**Exercise aim:**
A word-for-word retyping of the listing is the goal.

**Exercise inputs:**
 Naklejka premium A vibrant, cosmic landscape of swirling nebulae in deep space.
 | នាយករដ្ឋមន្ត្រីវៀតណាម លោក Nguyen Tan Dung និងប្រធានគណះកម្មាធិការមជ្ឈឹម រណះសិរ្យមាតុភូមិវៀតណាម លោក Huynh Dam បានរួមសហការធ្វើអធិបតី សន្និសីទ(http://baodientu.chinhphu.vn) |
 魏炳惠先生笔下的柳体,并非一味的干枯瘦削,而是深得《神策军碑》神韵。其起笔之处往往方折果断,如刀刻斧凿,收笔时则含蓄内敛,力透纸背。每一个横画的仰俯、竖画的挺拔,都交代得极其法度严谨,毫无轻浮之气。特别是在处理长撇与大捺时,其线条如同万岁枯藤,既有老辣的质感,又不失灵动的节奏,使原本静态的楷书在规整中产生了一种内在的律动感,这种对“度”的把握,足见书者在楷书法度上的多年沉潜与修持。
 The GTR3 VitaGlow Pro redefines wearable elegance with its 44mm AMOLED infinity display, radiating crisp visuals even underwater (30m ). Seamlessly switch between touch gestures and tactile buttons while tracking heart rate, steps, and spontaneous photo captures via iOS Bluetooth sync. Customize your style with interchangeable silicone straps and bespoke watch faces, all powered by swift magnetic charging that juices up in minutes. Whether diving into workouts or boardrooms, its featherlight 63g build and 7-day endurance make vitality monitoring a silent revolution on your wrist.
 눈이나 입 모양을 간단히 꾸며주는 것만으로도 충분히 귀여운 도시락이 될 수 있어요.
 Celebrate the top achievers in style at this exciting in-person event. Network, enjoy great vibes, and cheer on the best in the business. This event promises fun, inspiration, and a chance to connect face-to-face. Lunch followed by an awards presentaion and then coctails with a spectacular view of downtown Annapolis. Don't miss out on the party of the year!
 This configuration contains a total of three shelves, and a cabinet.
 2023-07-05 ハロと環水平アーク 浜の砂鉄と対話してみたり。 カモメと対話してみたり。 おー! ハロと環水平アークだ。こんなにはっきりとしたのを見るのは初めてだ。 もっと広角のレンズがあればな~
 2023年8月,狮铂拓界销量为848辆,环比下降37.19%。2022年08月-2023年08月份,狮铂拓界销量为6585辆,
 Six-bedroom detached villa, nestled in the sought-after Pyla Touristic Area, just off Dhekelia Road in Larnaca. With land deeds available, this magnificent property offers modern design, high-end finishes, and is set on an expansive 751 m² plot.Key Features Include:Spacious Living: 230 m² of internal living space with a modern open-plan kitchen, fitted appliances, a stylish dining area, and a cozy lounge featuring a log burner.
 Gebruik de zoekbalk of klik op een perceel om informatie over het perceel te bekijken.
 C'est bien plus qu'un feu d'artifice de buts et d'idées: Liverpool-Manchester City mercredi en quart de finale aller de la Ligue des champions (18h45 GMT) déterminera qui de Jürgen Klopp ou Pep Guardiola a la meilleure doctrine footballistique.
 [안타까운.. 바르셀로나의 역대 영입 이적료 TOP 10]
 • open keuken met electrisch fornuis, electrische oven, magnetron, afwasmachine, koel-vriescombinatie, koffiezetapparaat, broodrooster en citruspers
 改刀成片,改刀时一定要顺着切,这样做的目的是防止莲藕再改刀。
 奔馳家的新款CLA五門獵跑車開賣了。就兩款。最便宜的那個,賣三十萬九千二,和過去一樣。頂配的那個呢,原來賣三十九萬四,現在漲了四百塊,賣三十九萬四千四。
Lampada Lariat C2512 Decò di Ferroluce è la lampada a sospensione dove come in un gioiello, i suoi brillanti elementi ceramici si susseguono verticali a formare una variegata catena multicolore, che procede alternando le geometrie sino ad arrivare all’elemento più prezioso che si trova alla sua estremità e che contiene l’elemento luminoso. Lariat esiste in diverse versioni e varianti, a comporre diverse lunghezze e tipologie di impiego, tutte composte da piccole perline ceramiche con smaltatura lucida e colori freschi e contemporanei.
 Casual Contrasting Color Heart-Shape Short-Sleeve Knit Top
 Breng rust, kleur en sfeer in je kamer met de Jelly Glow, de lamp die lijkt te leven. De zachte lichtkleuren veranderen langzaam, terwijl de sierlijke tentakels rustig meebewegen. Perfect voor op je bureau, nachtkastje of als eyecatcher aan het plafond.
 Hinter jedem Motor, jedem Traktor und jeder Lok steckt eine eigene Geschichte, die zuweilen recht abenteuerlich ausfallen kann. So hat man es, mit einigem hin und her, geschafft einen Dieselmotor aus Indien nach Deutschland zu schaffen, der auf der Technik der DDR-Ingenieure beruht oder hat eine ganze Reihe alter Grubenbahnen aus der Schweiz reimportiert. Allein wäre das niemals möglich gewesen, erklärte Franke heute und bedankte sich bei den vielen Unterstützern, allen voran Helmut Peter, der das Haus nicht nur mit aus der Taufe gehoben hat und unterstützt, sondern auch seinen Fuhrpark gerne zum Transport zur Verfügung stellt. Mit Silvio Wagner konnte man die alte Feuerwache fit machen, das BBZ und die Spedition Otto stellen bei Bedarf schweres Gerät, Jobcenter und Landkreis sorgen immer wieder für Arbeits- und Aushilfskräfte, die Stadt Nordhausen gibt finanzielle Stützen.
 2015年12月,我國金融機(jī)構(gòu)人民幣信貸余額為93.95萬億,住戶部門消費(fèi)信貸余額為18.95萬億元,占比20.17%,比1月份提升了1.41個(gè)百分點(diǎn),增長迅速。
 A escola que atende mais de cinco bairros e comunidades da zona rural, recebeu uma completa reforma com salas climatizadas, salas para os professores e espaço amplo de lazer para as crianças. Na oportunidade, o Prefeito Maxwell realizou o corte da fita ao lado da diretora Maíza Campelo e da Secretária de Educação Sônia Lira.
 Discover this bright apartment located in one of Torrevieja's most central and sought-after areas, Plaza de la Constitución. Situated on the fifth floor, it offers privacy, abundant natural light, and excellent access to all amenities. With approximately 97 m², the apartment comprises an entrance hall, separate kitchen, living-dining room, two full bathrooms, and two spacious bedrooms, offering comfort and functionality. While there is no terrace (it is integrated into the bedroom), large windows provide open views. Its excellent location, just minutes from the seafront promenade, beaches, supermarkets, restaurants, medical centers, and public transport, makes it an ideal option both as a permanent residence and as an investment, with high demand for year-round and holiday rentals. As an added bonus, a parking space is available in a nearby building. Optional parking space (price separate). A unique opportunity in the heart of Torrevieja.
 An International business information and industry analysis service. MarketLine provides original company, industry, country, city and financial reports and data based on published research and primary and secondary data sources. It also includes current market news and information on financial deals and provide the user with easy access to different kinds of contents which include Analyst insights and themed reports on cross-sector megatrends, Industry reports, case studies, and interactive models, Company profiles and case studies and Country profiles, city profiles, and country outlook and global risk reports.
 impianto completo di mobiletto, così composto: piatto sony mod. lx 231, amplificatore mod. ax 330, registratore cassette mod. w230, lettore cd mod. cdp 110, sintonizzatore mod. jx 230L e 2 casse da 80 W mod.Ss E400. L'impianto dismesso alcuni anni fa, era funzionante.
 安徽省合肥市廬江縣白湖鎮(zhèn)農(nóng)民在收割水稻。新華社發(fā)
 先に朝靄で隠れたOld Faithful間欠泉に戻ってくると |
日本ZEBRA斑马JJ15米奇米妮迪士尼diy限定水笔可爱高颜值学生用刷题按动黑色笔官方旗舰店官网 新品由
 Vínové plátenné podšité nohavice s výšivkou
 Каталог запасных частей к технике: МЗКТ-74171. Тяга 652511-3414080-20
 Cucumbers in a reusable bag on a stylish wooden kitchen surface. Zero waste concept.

**Response to this exercise:**
 Naklejka premium A vibrant, cosmic landscape of swirling nebulae in deep space.
 | នាយករដ្ឋមន្ត្រីវៀតណាម លោក Nguyen Tan Dung និងប្រធានគណះកម្មាធិការមជ្ឈឹម រណះសិរ្យមាតុភូមិវៀតណាម លោក Huynh Dam បានរួមសហការធ្វើអធិបតី សន្និសីទ(http://baodientu.chinhphu.vn) |
 魏炳惠先生笔下的柳体,并非一味的干枯瘦削,而是深得《神策军碑》神韵。其起笔之处往往方折果断,如刀刻斧凿,收笔时则含蓄内敛,力透纸背。每一个横画的仰俯、竖画的挺拔,都交代得极其法度严谨,毫无轻浮之气。特别是在处理长撇与大捺时,其线条如同万岁枯藤,既有老辣的质感,又不失灵动的节奏,使原本静态的楷书在规整中产生了一种内在的律动感,这种对“度”的把握,足见书者在楷书法度上的多年沉潜与修持。
 The GTR3 VitaGlow Pro redefines wearable elegance with its 44mm AMOLED infinity display, radiating crisp visuals even underwater (30m ). Seamlessly switch between touch gestures and tactile buttons while tracking heart rate, steps, and spontaneous photo captures via iOS Bluetooth sync. Customize your style with interchangeable silicone straps and bespoke watch faces, all powered by swift magnetic charging that juices up in minutes. Whether diving into workouts or boardrooms, its featherlight 63g build and 7-day endurance make vitality monitoring a silent revolution on your wrist.
 눈이나 입 모양을 간단히 꾸며주는 것만으로도 충분히 귀여운 도시락이 될 수 있어요.
 Celebrate the top achievers in style at this exciting in-person event. Network, enjoy great vibes, and cheer on the best in the business. This event promises fun, inspiration, and a chance to connect face-to-face. Lunch followed by an awards presentaion and then coctails with a spectacular view of downtown Annapolis. Don't miss out on the party of the year!
 This configuration contains a total of three shelves, and a cabinet.
 2023-07-05 ハロと環水平アーク 浜の砂鉄と対話してみたり。 カモメと対話してみたり。 おー! ハロと環水平アークだ。こんなにはっきりとしたのを見るのは初めてだ。 もっと広角のレンズがあればな~
 2023年8月,狮铂拓界销量为848辆,环比下降37.19%。2022年08月-2023年08月份,狮铂拓界销量为6585辆,
 Six-bedroom detached villa, nestled in the sought-after Pyla Touristic Area, just off Dhekelia Road in Larnaca. With land deeds available, this magnificent property offers modern design, high-end finishes, and is set on an expansive 751 m² plot.Key Features Include:Spacious Living: 230 m² of internal living space with a modern open-plan kitchen, fitted appliances, a stylish dining area, and a cozy lounge featuring a log burner.
 Gebruik de zoekbalk of klik op een perceel om informatie over het perceel te bekijken.
 C'est bien plus qu'un feu d'artifice de buts et d'idées: Liverpool-Manchester City mercredi en quart de finale aller de la Ligue des champions (18h45 GMT) déterminera qui de Jürgen Klopp ou Pep Guardiola a la meilleure doctrine footballistique.
 [안타까운.. 바르셀로나의 역대 영입 이적료 TOP 10]
 • open keuken met electrisch fornuis, electrische oven, magnetron, afwasmachine, koel-vriescombinatie, koffiezetapparaat, broodrooster en citruspers
 改刀成片,改刀时一定要顺着切,这样做的目的是防止莲藕再改刀。
 奔馳家的新款CLA五門獵跑車開賣了。就兩款。最便宜的那個,賣三十萬九千二,和過去一樣。頂配的那個呢,原來賣三十九萬四,現在漲了四百塊,賣三十九萬四千四。
Lampada Lariat C2512 Decò di Ferroluce è la lampada a sospensione dove come in un gioiello, i suoi brillanti elementi ceramici si susseguono verticali a formare una variegata catena multicolore, che procede alternando le geometrie sino ad arrivare all’elemento più prezioso che si trova alla sua estremità e che contiene l’elemento luminoso. Lariat esiste in diverse versioni e varianti, a comporre diverse lunghezze e tipologie di impiego, tutte composte da piccole perline ceramiche con smaltatura lucida e colori freschi e contemporanei.
 Casual Contrasting Color Heart-Shape Short-Sleeve Knit Top
 Breng rust, kleur en sfeer in je kamer met de Jelly Glow, de lamp die lijkt te leven. De zachte lichtkleuren veranderen langzaam, terwijl de sierlijke tentakels rustig meebewegen. Perfect voor op je bureau, nachtkastje of als eyecatcher aan het plafond.
 Hinter jedem Motor, jedem Traktor und jeder Lok steckt eine eigene Geschichte, die zuweilen recht abenteuerlich ausfallen kann. So hat man es, mit einigem hin und her, geschafft einen Dieselmotor aus Indien nach Deutschland zu schaffen, der auf der Technik der DDR-Ingenieure beruht oder hat eine ganze Reihe alter Grubenbahnen aus der Schweiz reimportiert. Allein wäre das niemals möglich gewesen, erklärte Franke heute und bedankte sich bei den vielen Unterstützern, allen voran Helmut Peter, der das Haus nicht nur mit aus der Taufe gehoben hat und unterstützt, sondern auch seinen Fuhrpark gerne zum Transport zur Verfügung stellt. Mit Silvio Wagner konnte man die alte Feuerwache fit machen, das BBZ und die Spedition Otto stellen bei Bedarf schweres Gerät, Jobcenter und Landkreis sorgen immer wieder für Arbeits- und Aushilfskräfte, die Stadt Nordhausen gibt finanzielle Stützen.
 2015年12月,我國金融機(jī)構(gòu)人民幣信貸余額為93.95萬億,住戶部門消費(fèi)信貸余額為18.95萬億元,占比20.17%,比1月份提升了1.41個(gè)百分點(diǎn),增長迅速。
 A escola que atende mais de cinco bairros e comunidades da zona rural, recebeu uma completa reforma com salas climatizadas, salas para os professores e espaço amplo de lazer para as crianças. Na oportunidade, o Prefeito Maxwell realizou o corte da fita ao lado da diretora Maíza Campelo e da Secretária de Educação Sônia Lira.
 Discover this bright apartment located in one of Torrevieja's most central and sought-after areas, Plaza de la Constitución. Situated on the fifth floor, it offers privacy, abundant natural light, and excellent access to all amenities. With approximately 97 m², the apartment comprises an entrance hall, separate kitchen, living-dining room, two full bathrooms, and two spacious bedrooms, offering comfort and functionality. While there is no terrace (it is integrated into the bedroom), large windows provide open views. Its excellent location, just minutes from the seafront promenade, beaches, supermarkets, restaurants, medical centers, and public transport, makes it an ideal option both as a permanent residence and as an investment, with high demand for year-round and holiday rentals. As an added bonus, a parking space is available in a nearby building. Optional parking space (price separate). A unique opportunity in the heart of Torrevieja.
 An International business information and industry analysis service. MarketLine provides original company, industry, country, city and financial reports and data based on published research and primary and secondary data sources. It also includes current market news and information on financial deals and provide the user with easy access to different kinds of contents which include Analyst insights and themed reports on cross-sector megatrends, Industry reports, case studies, and interactive models, Company profiles and case studies and Country profiles, city profiles, and country outlook and global risk reports.
 impianto completo di mobiletto, così composto: piatto sony mod. lx 231, amplificatore mod. ax 330, registratore cassette mod. w230, lettore cd mod. cdp 110, sintonizzatore mod. jx 230L e 2 casse da 80 W mod.Ss E400. L'impianto dismesso alcuni anni fa, era funzionante.
 安徽省合肥市廬江縣白湖鎮(zhèn)農(nóng)民在收割水稻。新華社發(fā)
 先に朝靄で隠れたOld Faithful間欠泉に戻ってくると |
日本ZEBRA斑马JJ15米奇米妮迪士尼diy限定水笔可爱高颜值学生用刷题按动黑色笔官方旗舰店官网 新品由
 Vínové plátenné podšité nohavice s výšivkou
 Каталог запасных частей к технике: МЗКТ-74171. Тяга 652511-3414080-20
 Cucumbers in a reusable bag on a stylish wooden kitchen surface. Zero waste concept.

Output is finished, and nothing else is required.